It’s a cool silver-grey in colour, weighs two and a half ounces and fits flexibly into your pocket. It opens easily to reveal words imaginatively chosen and arranged in sequences so absorbing and surprising that they can make you miss your bus stop. It costs £3.

Penguin’s Mini Moderns — there are 50 of them, to celebrate the 50th anniversary of Penguin Modern Classics — include a story in which a boy uses something very like Skype to call his mother and tell her he would like her to come and see him. She protests: ‘But I can see you!’ But it’s not the same through ‘the Machine’, he complains. ‘I see something like you in this plate, but I do not see you. I hear something like you through this telephone, but I do not hear you.

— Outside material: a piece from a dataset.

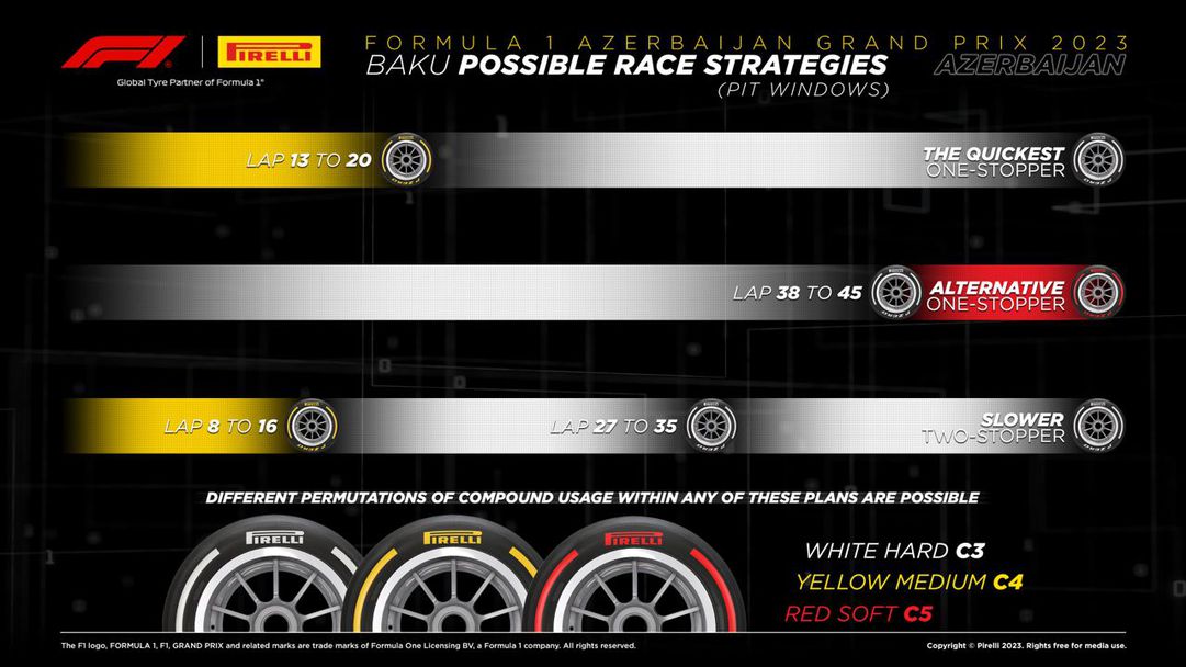 Традиционно конкуренцията за Гран При на Азербайджан във Формула 1 се печели със единствено едно прекъсване в бокса, в случай че няма чрезвичайни условия и излизания на колата за сигурност. Според официания снабдител на гуми Пирели и през днешния ден почитателите би трябвало да чакат единствено една промяна на гуми.

That is why I want you to come.’

The satire might seem a little laboured, except that it was written more than a century ago. ‘The Machine Stops’ is by E. M. Forster and is one of many finds offered by this imaginative series, which — like its predecessor Penguin Pocket Classics — is partly a programme of trailers for good international 20th-century writing (not to speak of books published by Penguin) but also much more. Each Mini Modern is complete in itself — entire stories and novellas, no extracts — and, taken together, they give a refreshing new account of fictional modernity.

Most of the big names are here, of course: Kafka with his hideous 1914 fantasy of mechanised torture and execution, ‘In the Penal Colony’; Conrad, Kipling, Joyce, Virginia Woolf, Lawrence, Katherine Mansfield, Borges. But among texts by these familiar 19th-century-born stylistic adventurers are some which are little known and which Penguin has only recently acquired. Robert Musil is represented by nine astonishing short pieces first published in translation by a provincial American small press in the 1980s; Stefan Zweig by a gripping Nazi-era novella about two chess players, one of whom has learned the game as a way of dealing with being interrogated.